Work order: In the records below, the relevant part opens with the line containing "LichtBlick zieht eine" and closes with the line containing "To activate a"; print that part exactly and only, without its pictures.

Records supplied:
- Opening Delimiter -

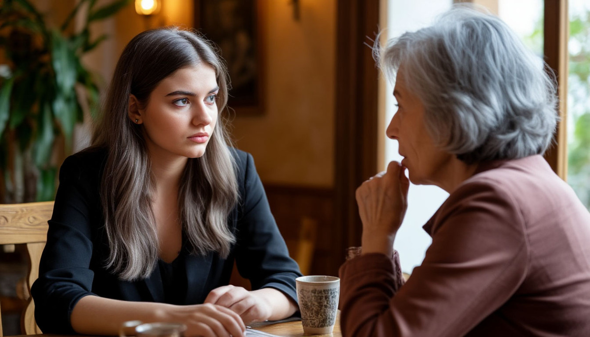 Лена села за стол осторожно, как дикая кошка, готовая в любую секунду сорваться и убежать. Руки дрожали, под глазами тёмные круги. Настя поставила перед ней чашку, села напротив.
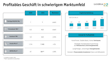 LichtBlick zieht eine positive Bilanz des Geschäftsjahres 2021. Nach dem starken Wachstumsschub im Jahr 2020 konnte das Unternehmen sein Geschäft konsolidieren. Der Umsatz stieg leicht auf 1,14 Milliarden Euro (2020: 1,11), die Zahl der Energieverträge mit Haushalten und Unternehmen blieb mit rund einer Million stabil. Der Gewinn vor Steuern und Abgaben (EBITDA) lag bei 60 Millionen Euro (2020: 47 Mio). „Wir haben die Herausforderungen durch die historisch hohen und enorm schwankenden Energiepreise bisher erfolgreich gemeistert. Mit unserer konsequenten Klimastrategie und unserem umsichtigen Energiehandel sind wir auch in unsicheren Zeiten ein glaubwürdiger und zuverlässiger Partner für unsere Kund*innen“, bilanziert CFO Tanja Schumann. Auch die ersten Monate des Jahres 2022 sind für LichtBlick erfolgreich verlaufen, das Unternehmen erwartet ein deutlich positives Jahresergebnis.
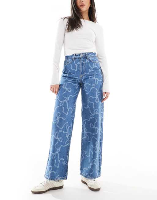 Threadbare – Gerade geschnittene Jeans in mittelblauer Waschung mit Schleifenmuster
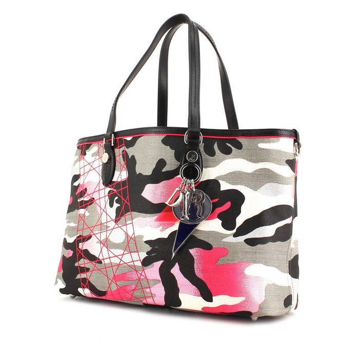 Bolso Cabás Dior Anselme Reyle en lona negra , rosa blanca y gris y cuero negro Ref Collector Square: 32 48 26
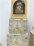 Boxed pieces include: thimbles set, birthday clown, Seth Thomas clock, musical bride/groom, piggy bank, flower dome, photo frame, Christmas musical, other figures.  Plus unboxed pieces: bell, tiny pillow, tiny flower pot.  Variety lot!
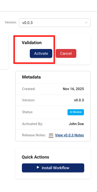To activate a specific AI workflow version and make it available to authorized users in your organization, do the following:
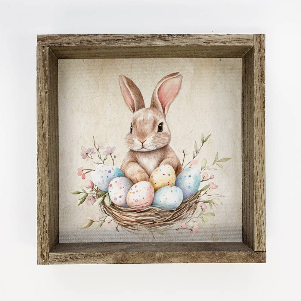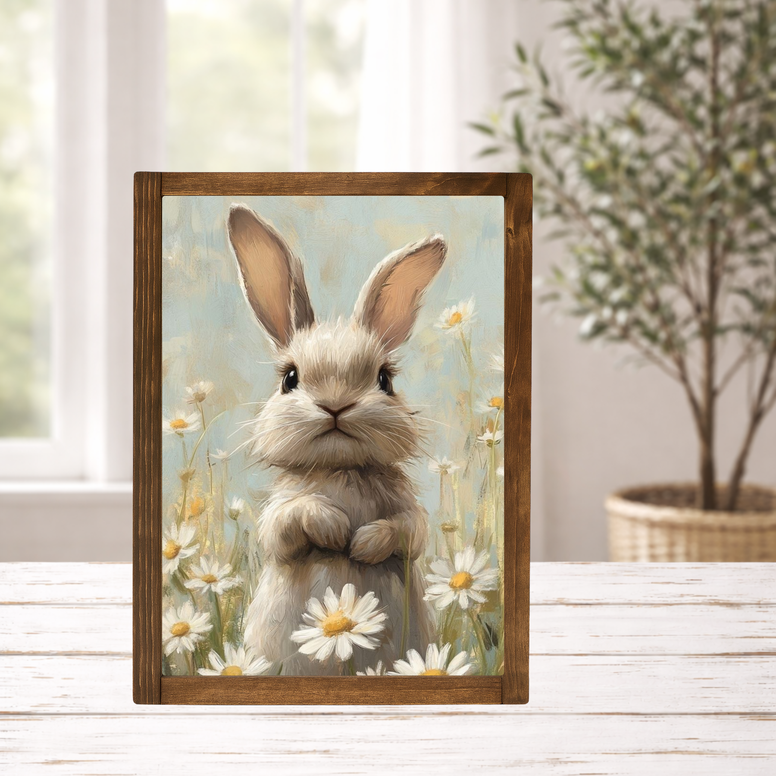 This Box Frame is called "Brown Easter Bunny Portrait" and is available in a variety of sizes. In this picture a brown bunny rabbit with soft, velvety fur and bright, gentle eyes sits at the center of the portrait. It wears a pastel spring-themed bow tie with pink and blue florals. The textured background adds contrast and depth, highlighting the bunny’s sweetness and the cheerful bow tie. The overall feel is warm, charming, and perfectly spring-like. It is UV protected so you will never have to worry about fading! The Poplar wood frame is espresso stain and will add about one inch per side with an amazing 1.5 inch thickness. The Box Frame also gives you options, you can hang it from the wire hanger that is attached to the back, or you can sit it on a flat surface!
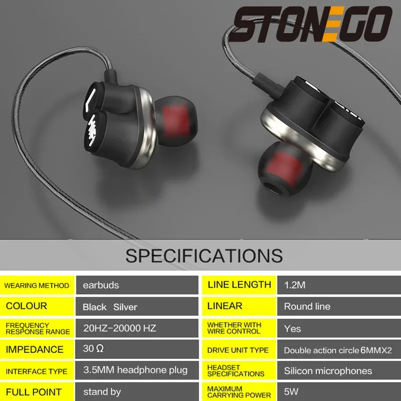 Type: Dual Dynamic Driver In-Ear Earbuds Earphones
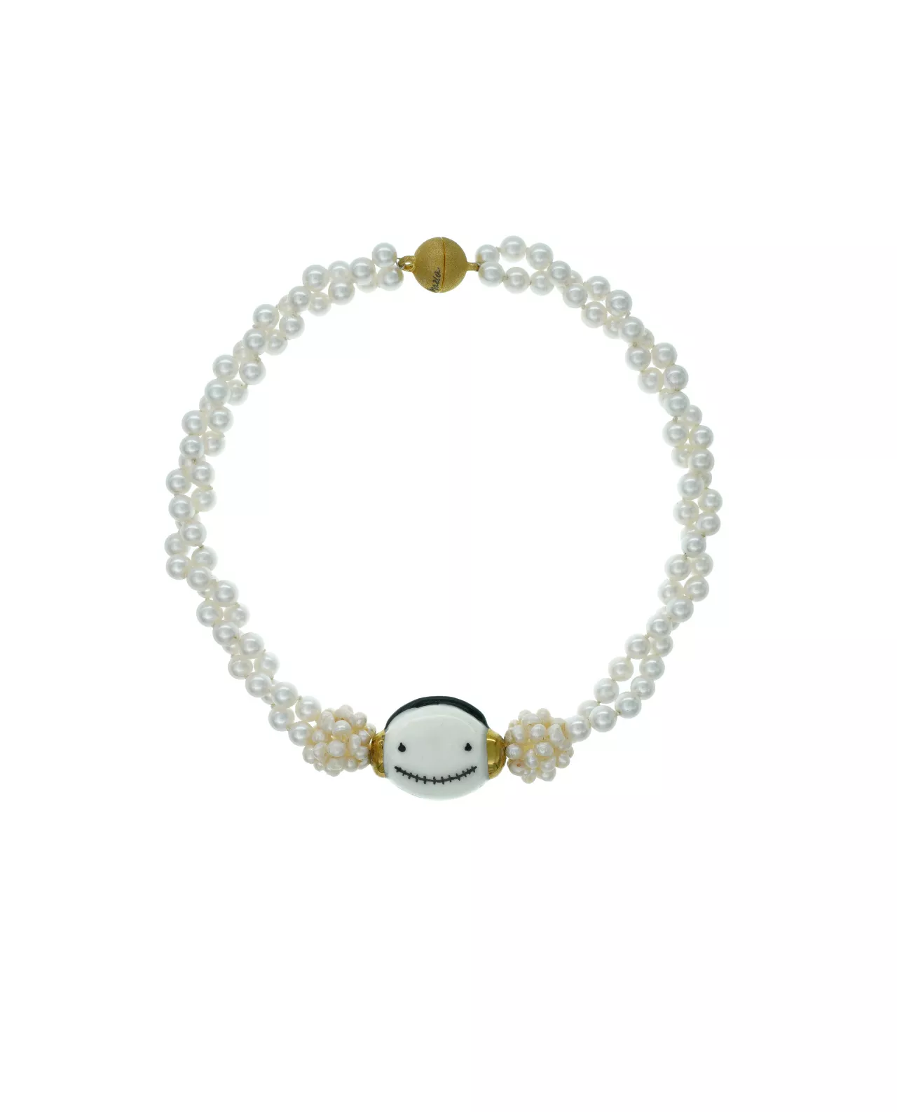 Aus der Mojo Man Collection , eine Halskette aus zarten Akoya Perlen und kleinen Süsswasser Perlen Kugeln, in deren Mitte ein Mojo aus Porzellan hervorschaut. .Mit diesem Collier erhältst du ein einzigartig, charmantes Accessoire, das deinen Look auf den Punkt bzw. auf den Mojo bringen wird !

- Closing Delimiter -
- Opening Delimiter -

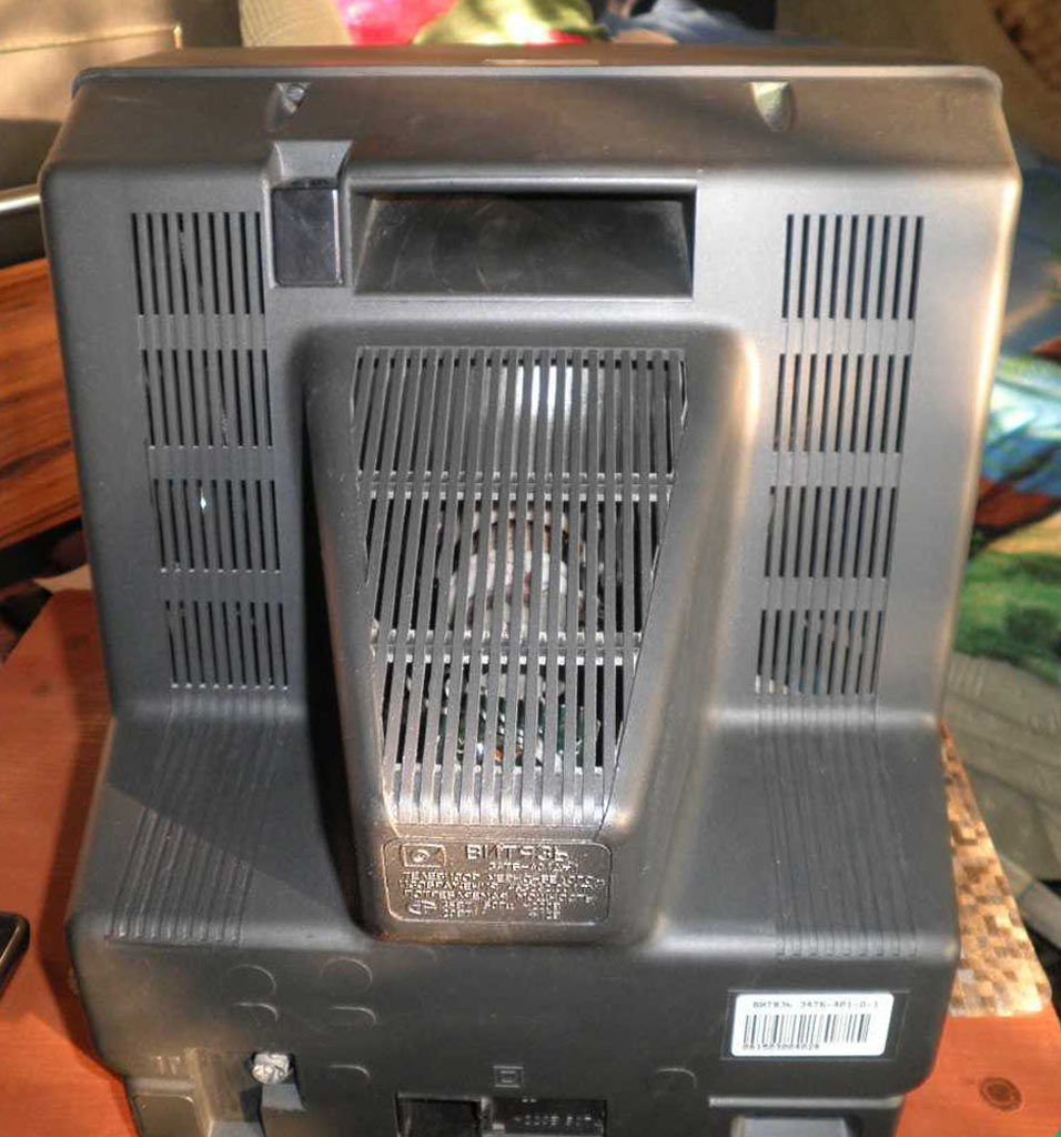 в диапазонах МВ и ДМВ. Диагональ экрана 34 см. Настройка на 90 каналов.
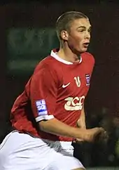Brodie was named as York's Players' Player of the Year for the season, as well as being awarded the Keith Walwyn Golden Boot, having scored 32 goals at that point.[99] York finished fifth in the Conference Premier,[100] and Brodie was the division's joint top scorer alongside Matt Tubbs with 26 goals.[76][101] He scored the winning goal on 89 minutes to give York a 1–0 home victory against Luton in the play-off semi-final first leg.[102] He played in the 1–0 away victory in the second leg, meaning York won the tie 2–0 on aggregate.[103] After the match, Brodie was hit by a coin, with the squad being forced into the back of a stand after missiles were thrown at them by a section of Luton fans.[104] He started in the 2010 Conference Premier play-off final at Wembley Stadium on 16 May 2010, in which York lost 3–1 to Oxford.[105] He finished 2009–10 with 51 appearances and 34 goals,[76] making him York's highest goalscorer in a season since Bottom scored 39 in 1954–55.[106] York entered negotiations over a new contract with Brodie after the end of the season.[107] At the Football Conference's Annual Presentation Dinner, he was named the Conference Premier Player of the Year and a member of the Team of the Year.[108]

- Closing Delimiter -

Solved exercise:
 LichtBlick zieht eine positive Bilanz des Geschäftsjahres 2021. Nach dem starken Wachstumsschub im Jahr 2020 konnte das Unternehmen sein Geschäft konsolidieren. Der Umsatz stieg leicht auf 1,14 Milliarden Euro (2020: 1,11), die Zahl der Energieverträge mit Haushalten und Unternehmen blieb mit rund einer Million stabil. Der Gewinn vor Steuern und Abgaben (EBITDA) lag bei 60 Millionen Euro (2020: 47 Mio). „Wir haben die Herausforderungen durch die historisch hohen und enorm schwankenden Energiepreise bisher erfolgreich gemeistert. Mit unserer konsequenten Klimastrategie und unserem umsichtigen Energiehandel sind wir auch in unsicheren Zeiten ein glaubwürdiger und zuverlässiger Partner für unsere Kund*innen“, bilanziert CFO Tanja Schumann. Auch die ersten Monate des Jahres 2022 sind für LichtBlick erfolgreich verlaufen, das Unternehmen erwartet ein deutlich positives Jahresergebnis.
 Threadbare – Gerade geschnittene Jeans in mittelblauer Waschung mit Schleifenmuster
 Bolso Cabás Dior Anselme Reyle en lona negra , rosa blanca y gris y cuero negro Ref Collector Square: 32 48 26
 Boxed pieces include: thimbles set, birthday clown, Seth Thomas clock, musical bride/groom, piggy bank, flower dome, photo frame, Christmas musical, other figures.  Plus unboxed pieces: bell, tiny pillow, tiny flower pot.  Variety lot!
To activate a specific AI workflow version and make it available to authorized users in your organization, do the following:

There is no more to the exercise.